WHAT NEEDS TO BE DONE: Give back each line of the data exactly as it reads, minus the pictures.

****************

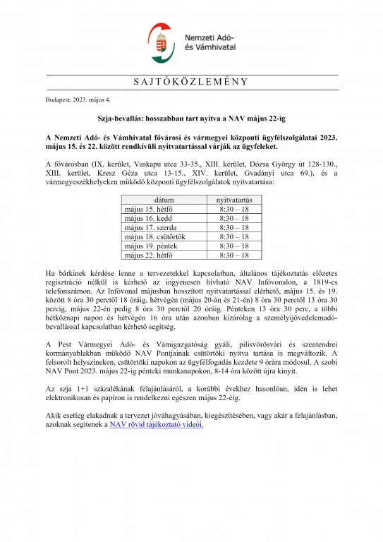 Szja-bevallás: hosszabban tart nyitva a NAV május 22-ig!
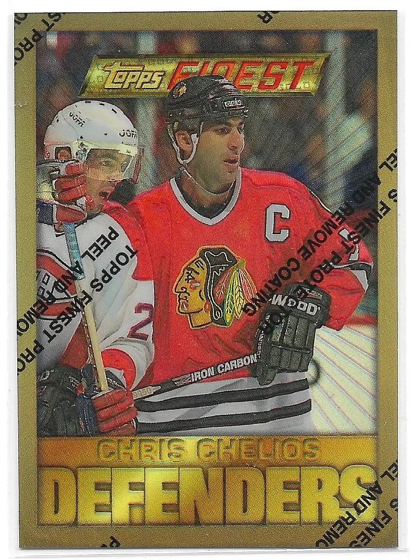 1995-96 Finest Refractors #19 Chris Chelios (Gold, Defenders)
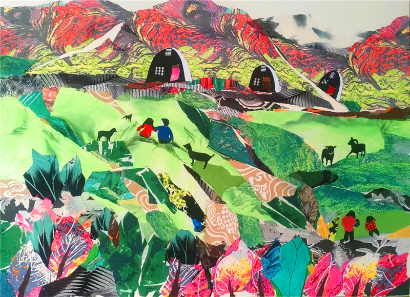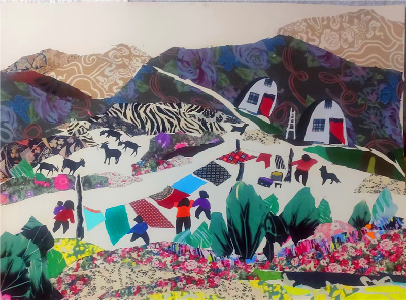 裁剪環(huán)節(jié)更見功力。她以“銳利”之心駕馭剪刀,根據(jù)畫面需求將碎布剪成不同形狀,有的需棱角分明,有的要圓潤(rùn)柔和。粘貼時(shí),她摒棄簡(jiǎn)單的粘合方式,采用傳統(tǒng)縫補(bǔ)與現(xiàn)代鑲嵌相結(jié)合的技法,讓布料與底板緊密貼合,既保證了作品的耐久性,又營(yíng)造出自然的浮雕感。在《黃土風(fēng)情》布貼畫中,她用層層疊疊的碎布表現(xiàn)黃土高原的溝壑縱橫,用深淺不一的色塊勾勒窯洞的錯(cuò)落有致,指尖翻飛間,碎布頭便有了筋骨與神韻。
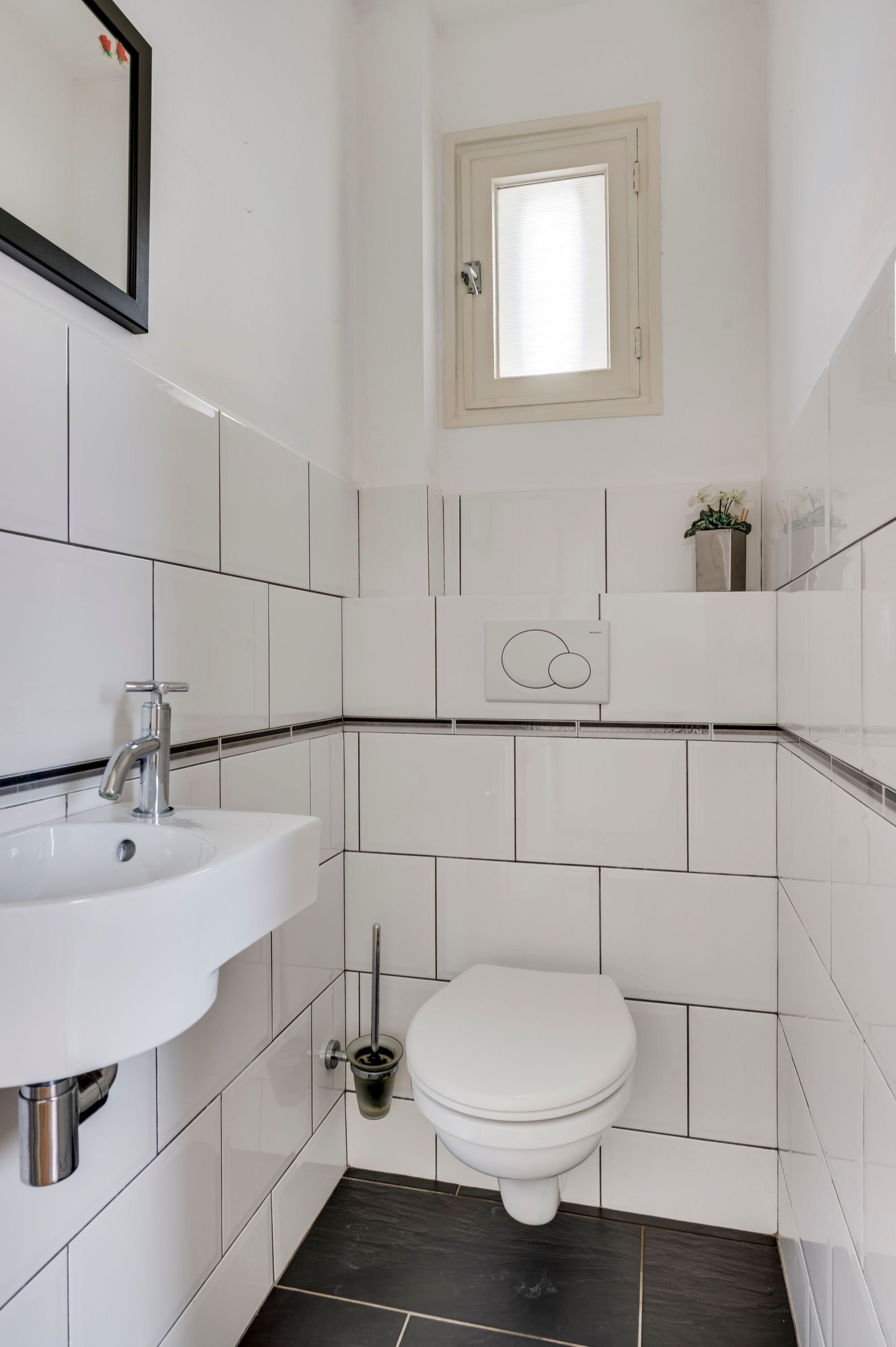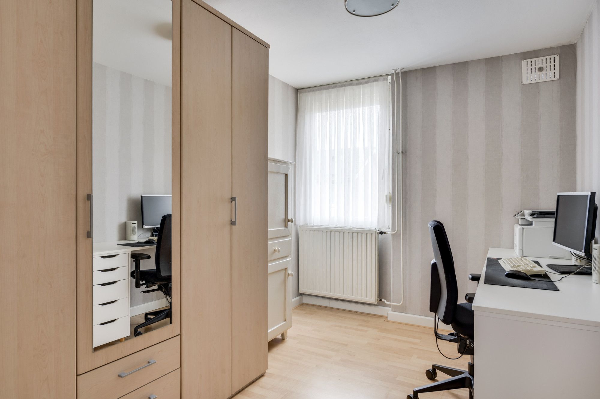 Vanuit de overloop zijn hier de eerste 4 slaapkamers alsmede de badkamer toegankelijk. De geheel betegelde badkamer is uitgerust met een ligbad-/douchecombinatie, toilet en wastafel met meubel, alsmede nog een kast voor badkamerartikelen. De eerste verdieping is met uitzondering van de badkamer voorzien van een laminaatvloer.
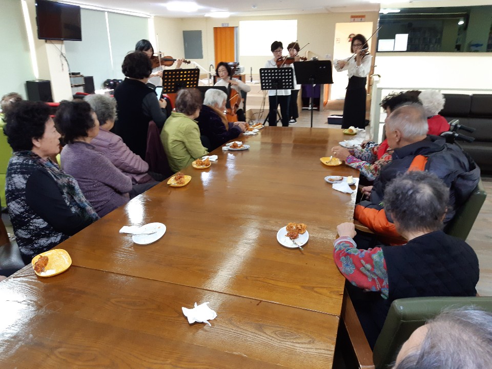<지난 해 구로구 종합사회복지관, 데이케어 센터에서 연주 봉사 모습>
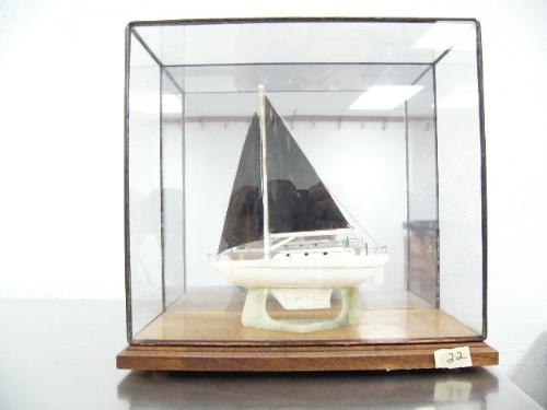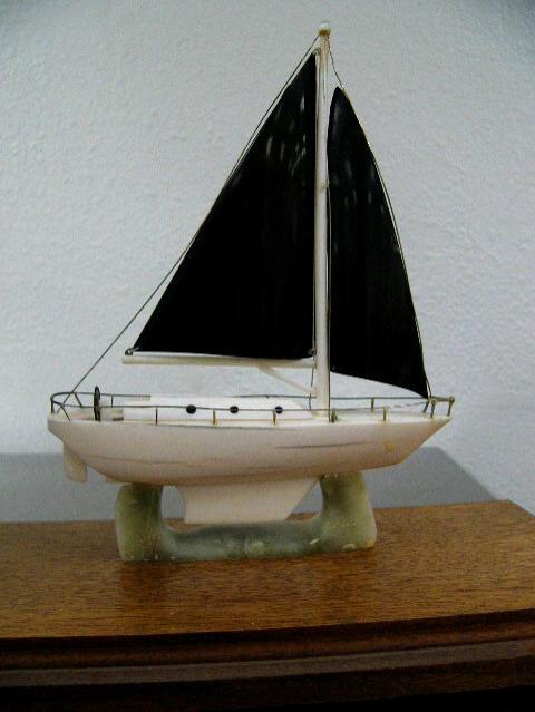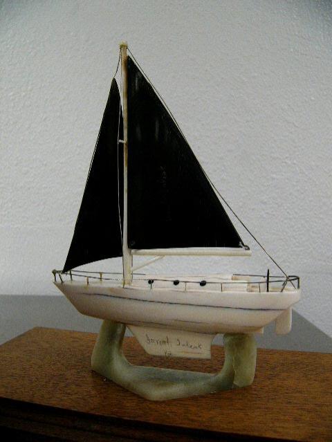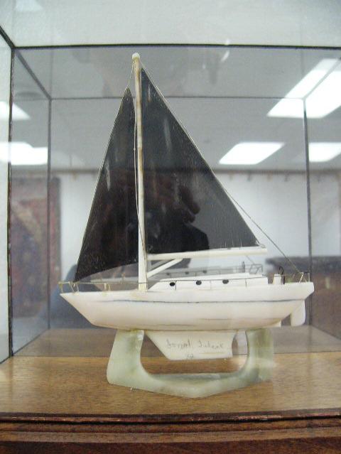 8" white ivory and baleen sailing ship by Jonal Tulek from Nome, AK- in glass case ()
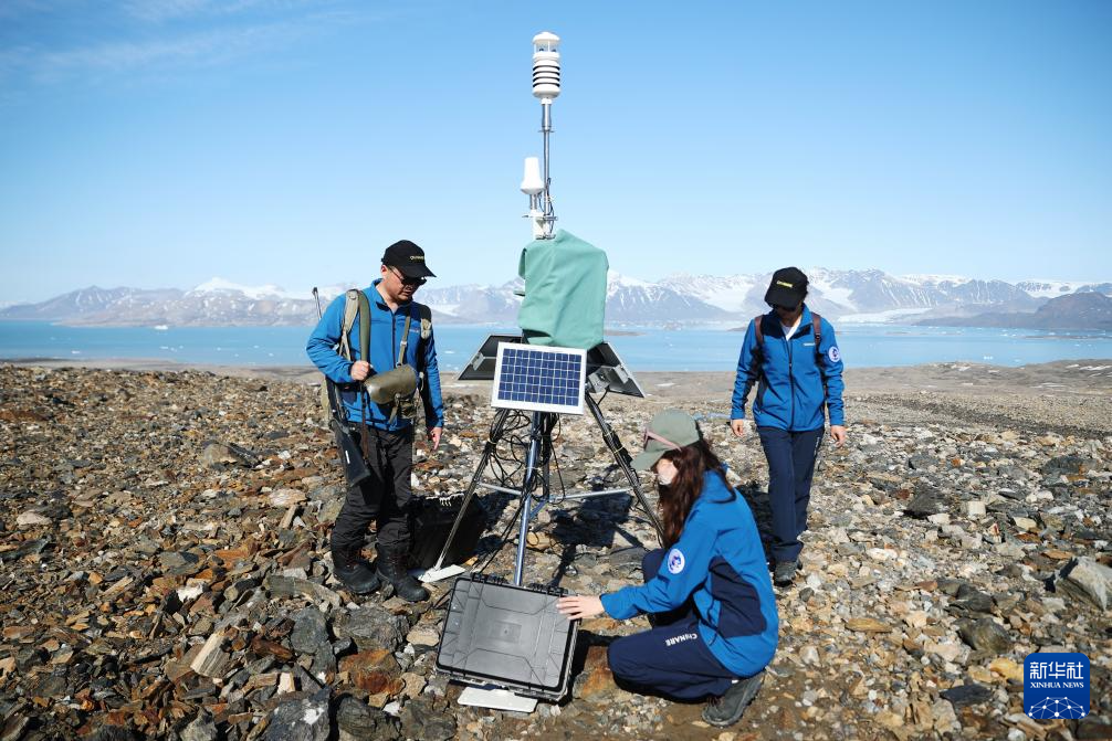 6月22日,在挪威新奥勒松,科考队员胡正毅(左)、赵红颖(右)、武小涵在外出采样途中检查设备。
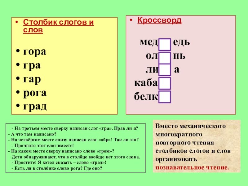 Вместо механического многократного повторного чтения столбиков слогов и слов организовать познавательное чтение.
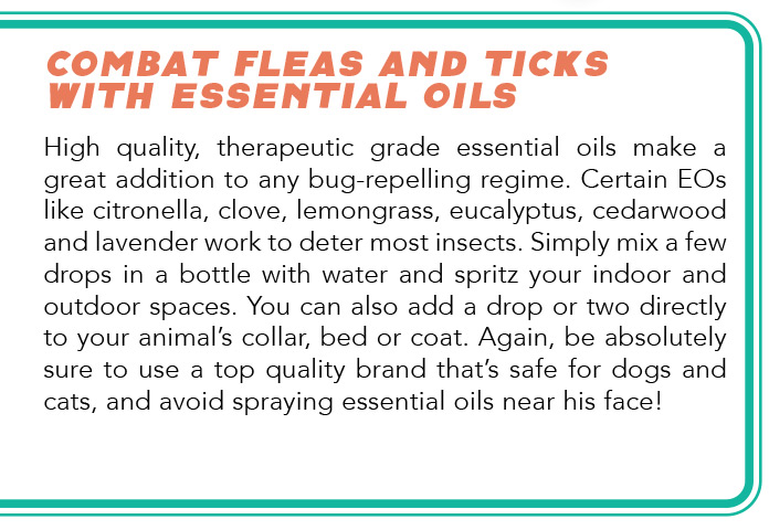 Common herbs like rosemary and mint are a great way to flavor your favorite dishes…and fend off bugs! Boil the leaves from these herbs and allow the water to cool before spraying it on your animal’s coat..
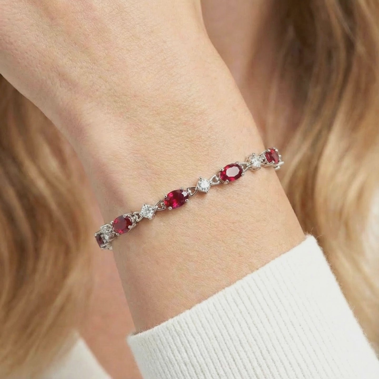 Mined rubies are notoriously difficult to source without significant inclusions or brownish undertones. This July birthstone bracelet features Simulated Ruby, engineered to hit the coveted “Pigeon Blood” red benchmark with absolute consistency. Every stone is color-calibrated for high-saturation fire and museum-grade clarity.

****************

EXERCISE RESULT:
 Szja-bevallás: hosszabban tart nyitva a NAV május 22-ig!
 1995-96 Finest Refractors #19 Chris Chelios (Gold, Defenders)
 裁剪環(huán)節(jié)更見功力。她以“銳利”之心駕馭剪刀,根據(jù)畫面需求將碎布剪成不同形狀,有的需棱角分明,有的要圓潤(rùn)柔和。粘貼時(shí),她摒棄簡(jiǎn)單的粘合方式,采用傳統(tǒng)縫補(bǔ)與現(xiàn)代鑲嵌相結(jié)合的技法,讓布料與底板緊密貼合,既保證了作品的耐久性,又營(yíng)造出自然的浮雕感。在《黃土風(fēng)情》布貼畫中,她用層層疊疊的碎布表現(xiàn)黃土高原的溝壑縱橫,用深淺不一的色塊勾勒窯洞的錯(cuò)落有致,指尖翻飛間,碎布頭便有了筋骨與神韻。
 Vanuit de overloop zijn hier de eerste 4 slaapkamers alsmede de badkamer toegankelijk. De geheel betegelde badkamer is uitgerust met een ligbad-/douchecombinatie, toilet en wastafel met meubel, alsmede nog een kast voor badkamerartikelen. De eerste verdieping is met uitzondering van de badkamer voorzien van een laminaatvloer.
<지난 해 구로구 종합사회복지관, 데이케어 센터에서 연주 봉사 모습>
 8" white ivory and baleen sailing ship by Jonal Tulek from Nome, AK- in glass case ()
 6月22日,在挪威新奥勒松,科考队员胡正毅(左)、赵红颖(右)、武小涵在外出采样途中检查设备。
 Вместо механического многократного повторного чтения столбиков слогов и слов организовать познавательное чтение.
 Common herbs like rosemary and mint are a great way to flavor your favorite dishes…and fend off bugs! Boil the leaves from these herbs and allow the water to cool before spraying it on your animal’s coat..
 Mined rubies are notoriously difficult to source without significant inclusions or brownish undertones. This July birthstone bracelet features Simulated Ruby, engineered to hit the coveted “Pigeon Blood” red benchmark with absolute consistency. Every stone is color-calibrated for high-saturation fire and museum-grade clarity.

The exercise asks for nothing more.